Welcome to mars
Boys got to jupiter…
…to get more stupider. Girls go to Mars…. To learn about how to live their best life as an unexpecting mother! That’s how it goes, right? No? Well, anyway, welcome to Mars, ladies! I am your guide, Martha, but you can call me Mars. You have landed here after floating in the abyss of pregnancy just to learn that you aren’t alone. You aren’t the only one experiencing the trauma of post pumping thimble nipples, weird marks all over your body, postpartum depression and/or anxiety, and the plethora of other things that come along with the miracle of life.
As a girl who got very surprised by the arrival of her baby, I have had to learn a few things on my own.

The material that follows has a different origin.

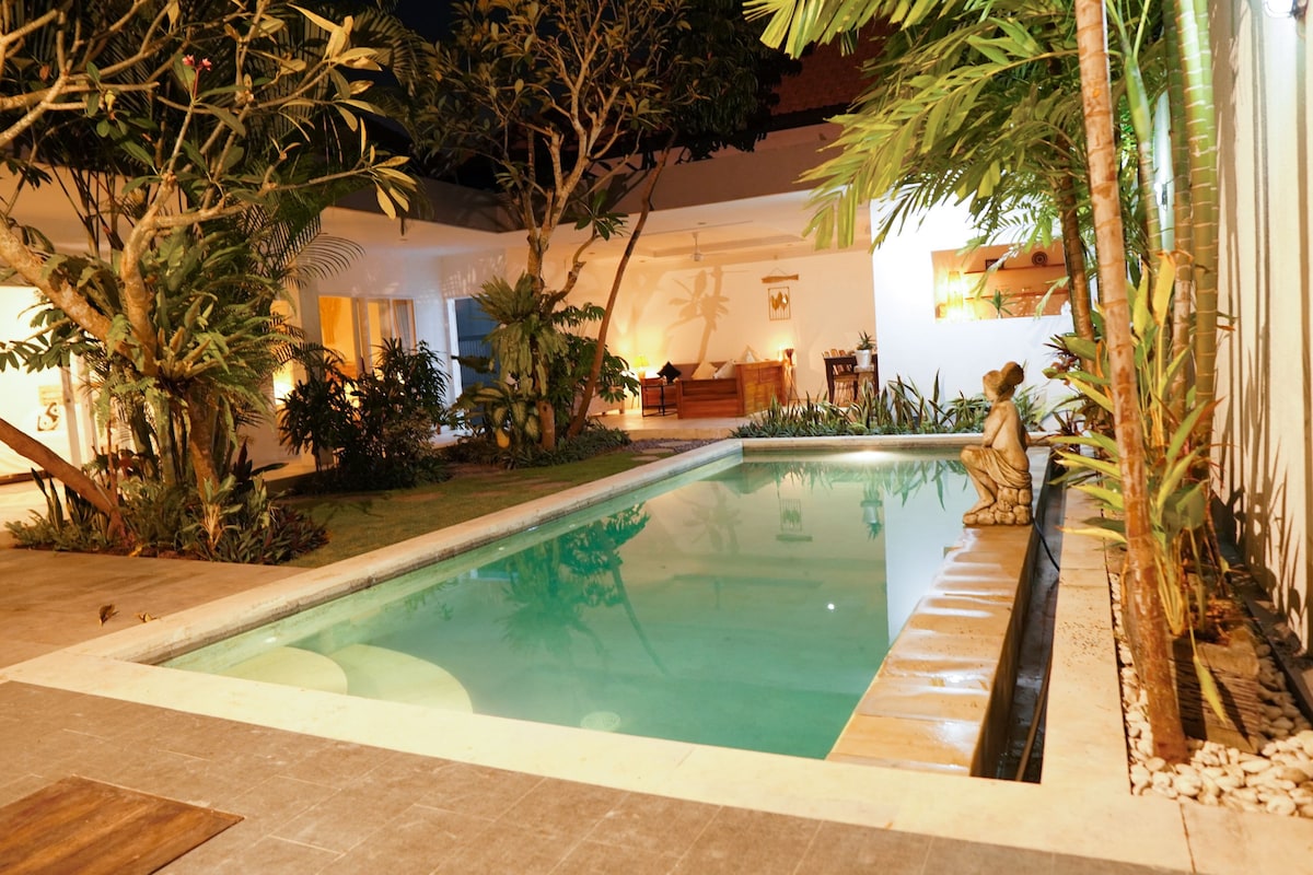 A beautiful 2 bedroom private villa with serene garden and lush swimming pool. Each bedroom has king size bed 180x200 with AC and ensuite bathroom, a bath tub provided in master bathroom. Treviso villa coming with spacious living room, dining room and complete kitchen with cooking utensil. Wifi is provided on entire villa. Cafe Del Mar, Mexicola club, Watercrest Cafe, Wild Hog, Batu Beliq beach is just on walking distance. Airport is 25min away Villa is on 400Sqm land. Small heaven in Bali

Through the maze of Google, figuring out pregnancy before telling anyone (even my doctor), and then the tsunami of unsolicited advice from every corner, I have come to learn a few things about being a first-time momma.
I am very blessed. I got an incredible and supportive husband out of it, a baffling amount of love and help from both our families, and friends who now love her more than they love us. I realize this isn’t the reality for a lot of women. For some, it is much harder. My life is not what I planned, but it is everything I never knew I wanted, but now can’t live without. I know I got the better of deals out of this. I have not started this blog to express anything less than that. However, I do have something to say about being 22, unemployed, unmarried, and expecting a child. Maybe you can learn a little from this. Most of all, I just want to share it with myself. I want to be able to look at what I’ve done and how proud I am of myself for the mother I have become.
I hope you come here with the same mind as men and women discovering Mars; completely unaware, but utterly inquisitive. I’m not just sharing motherhood with you, I am sharing women hood. I want to be completely open about the good, the bad, the ugly, and the most precious moments of being a woman.
Thanks for visiting! I hope you can stay.